Ci vorrebbe uno come Zavattini per raccontare la farsa dell’Archivio Vasari
23 Gennaio 2011
di Carlo Zasio
La soluzione al caso dell’archivio Vasari alla fine arriva dalla Germania: un’approfondita inchiesta della Frankfurter Allgemeine Zeitung dello scorso 11 gennaio getta nuova luce su una vicenda assai ingarbugliata, partita nel settembre del 2009 con la morte di Giovanni Festari, proprietario delle carte, e la sua firma in limine in calce a un contratto di vendita alla società moscovita Ross engeneering per 150 milioni di euro del patrimonio artistico che la sua famiglia ereditò dal nobile casato dei Rasponi-Spinelli.
Forte fu il movimento d’opinione per indurre il Ministero dei beni culturali a esercitare il diritto di prelazione, acquisendo per quella cifra un bene il cui valore però era stato stimato non superiore ai 2,6 milioni di euro, anche in forza del vincolo pertinenziale che ne impedisce la conservazione al di fuori della loro attuale collocazione in Casa Vasari ad Arezzo. Le indagini del comando tutela patrimonio culturale dei carabinieri, il sequestro delle carte, la loro messa all’asta da parte di Equitalia per un debito pregresso con il fisco dei Festari, la sospensione dell’asta, il loro successivo dissequestro con l’obbligo di riformulare il contratto di vendita hanno scandito per oltre un anno le cronache della vicenda, che ora sembra avere raggiunto il suo termine.
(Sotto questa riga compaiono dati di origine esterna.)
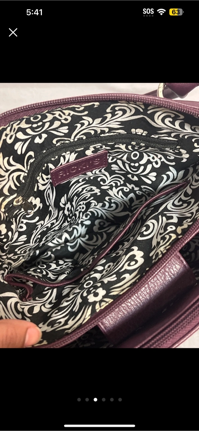 Here's a Rampage satchel bag in a lovely purple colour! It has a black and white patterned interior. It's in great condition and ready for a new home

Il presunto acquirente, Vassiliy Stepanov, 44 anni, ex ufficiale delle forze di sicurezza russe ora nel consiglio di amministrazione della Ross, ha manifestato al quotidiano tedesco le proprie perplessità rispetto all’affare, dichiarando di non aver mai percepito “un fermo proposito” da parte della famiglia Festari “di effettuare la transazione”. Piuttosto sembravano più interessati “a costringere il Governo ad acquistare l’archivio per una somma spropositamente alta”. Nonostante egli abbia agito in buona fede, “spiacevolmente alcuni dei miei partner in questo affare non hanno giocato pulito” – dice Stepanov alla FAZ. “Chi mi ha proposto l’affare mi aveva assicurato che era legittimo e legale”.
Parole tombali su un acquisto che aveva gettato nel panico il panorama culturale italiano e internazionale. Anche perché, come dice ancora Stepanov alla FAZ, egli non ha alcun esemplare del contratto nei propri uffici moscoviti e dichiara di non aver alcun contatto con i Festari da oltre sei mesi, nonostante essi sostengano di averlo sentito lo scorso 25 dicembre, circostanza che egli smentisce seccamente alla FAZ dicendo di essersi “ritirato” dalla compravendita.
Ora la famiglia intende richiedere una smentita a Stepanov, e – come riporta un loro comunicato – “nel caso in cui tali dichiarazioni non venissero smentite, non aspetterebbero un minuto di più a segnalare la questione alla magistratura al fine di tutelare la propria posizione sull’intera vicenda”. Mentre il legale della famiglia, vista la ritirata del russo, annuncia l’interesse di un acquirente americano, il tutto assume il tono della farsa, quasi l’involontaria sceneggiatura di un film di Totò. Aspettiamo un novello Zavattini per ridere della storia sul grande schermo.